En 1718, le Bailly, fit prévôtalement et en dernier ressort, le procès d’un vagabond, mendiant avec insolences et insultes, conformément à l’article 7 de la Déclaration du Roy, du 28 juillet 1724, portant que le procès, sera fait en dernier ressort et sans appel, aux mendiants demandant l’aumône avec insolence, par les Officiers des sièges Présidiaux, Bailliage et Sénéchaussée Royale.

En 1740, en conséquence de la déclaration du Roy et de l’Arrêt de la Cour des 27 et 28 octobre de la même année, il fut ordonné que dans l’étendue du Bailliage de La Ferté-Aleps, le froment, le méteil et le seigle, seraient payés moitié en nature et l’autre moitié en argent, l’orge et l’avoine tout en nature.

Voici la liste chronologique, depuis 1510, jusqu’à présent des Bailly de La Ferté-Aleps et de Brie Comte Robert.

1° Jacques Doulet, Conseiller au Châtelet de Paris, fut reçu Bailly en la Chambre des Comptes le 3 avril, après pâques, 1510.

2° François Olivier, Président de la Cour du Parlement, Garde des Sceaux de la Chancellerie, était Bailly de La Ferté-Aleps en 1544.

3° Charles de la Pageray, a été reçu au Parlement par arrêt du 18 octobre 156.

4° François Porta, a été reçu au Parlement, par arrêt du 7 juin 1594, il est le dernier qui ait été pourvu des deux Offices de Bailly de La Ferté-Aleps et de Brie Comte Robert.

5°Nicolas Couste, a été reçu au Parlement par arrêt du 3 juillet 1602.

6° François Bouttevillain, reçu au Parlement par arrêt du ? ( date non inscrite).

7° Joachim Renault, reçu au Parlement par arrêt du 18 juillet 1655. Il a été prés de 60 ans Bailly de La Ferté-Alais.

8° Jean Raveyre, les arrêts pour sa réception sont datés des 19 janvier et 9 février 1715.

9° Le Bailly actuel est M. Jacques-Philippe Legrand, reçu au Parlement par arrêt du 30 août 1720.

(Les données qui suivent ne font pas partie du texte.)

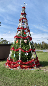 This Roadside Attraction was a Big Bust! After hiking all day at Merrit Island, I told Rosie we would enjoy the Christmas lights, shops, and a good restaurant at this Christmas themed hamlet. Not. There was nothing there. Other than the post office where you could drop off mail to be stamped from Christmas and a special mail slot for Santa, the sparse population only had a tall, year-round Christmas tree and the worst nativity scene ever. Jesus, Mary, and Joseph were there but only one wise man instead of three and he was disproportionately smaller than baby Jesus. Yep, that was it. We did see Christmas Cemetery and Fort Christmas but didn’t stay to tour it. We left town hungry and disappointed.
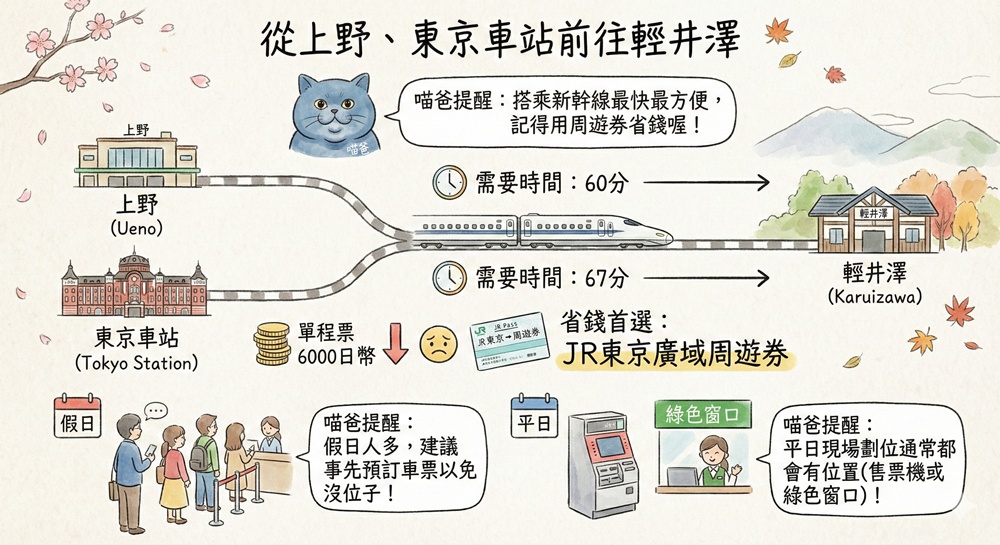 上野與東京車站因為有北陸新幹線停靠,所以會是從東京往返輕井澤最方便快速的首選
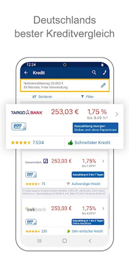 Compare, switch, save: e.g. B. with the loan comparison over €2,000, up to €850 with Germany's largest car insurance comparison, up to €1,000 with the electricity and gas comparison and over €1,000 with the travel comparison.
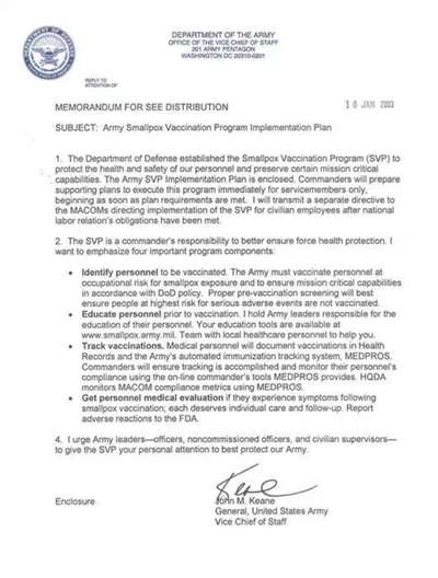 除此之外,这篇报道还揭露了一份美国“陆军天花防备和疫苗接种计划实施计划”,早在2003年五角大楼就引入了强制性的天花疫苗接种,美国外交官和医务人员也需要接受针对这种传染病的针刺。
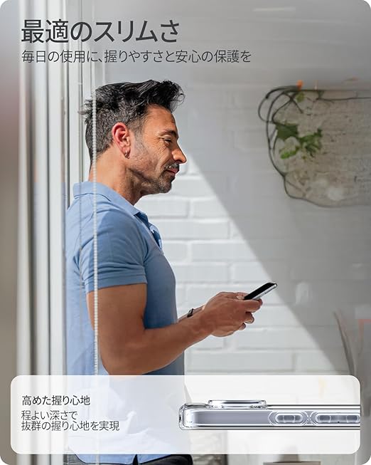 【透明さを守り抜く】黄変を抑制する特殊素材を採用しており、黄変を防ぎます。TPU(熱可塑性ポリウレタン)には補色を応用し作り上げられた『デュラクリア』が使用され、黄変を最小限に抑制しました。
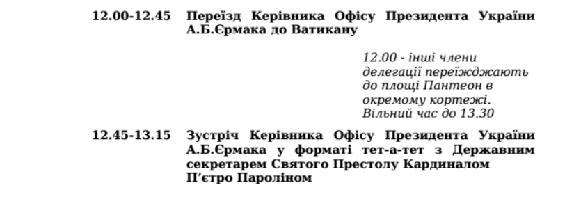 Однако, по информации издания "Зеркало недели", после двух получасовых встреч в МИД Италии, Ермак отправился в Ватикан на встречу в формате тет-а-тет с кардиналом Пьетро Паролин. Остальные члены делегации в это время знакомились с местными достопримечательностями на площади Пантеон.

Le Procureur du Roy actuel est M. François Chenard, reçu au Parlement par arrêt du 1er juillet 1749.

Lexique :

  • Bailliage: Tribunal jugeant au nom et sous la présidence d’un bailli. La Constitution a supprimé les bailliages
  • Douairière : Veuve qui jouit d’un douaire ( douaire : Biens assurés par le mari à la femme survivante)
  • Apanage : Portion du domaine que les souverains assignaient à leur fils cadets ou à leur frère, et qui devait revenir
  • à la Couronne après extinction des descendants mâles.
  •   Hoir : Héritier direct.
  •  Pairie : Titre et dignité d’un pair.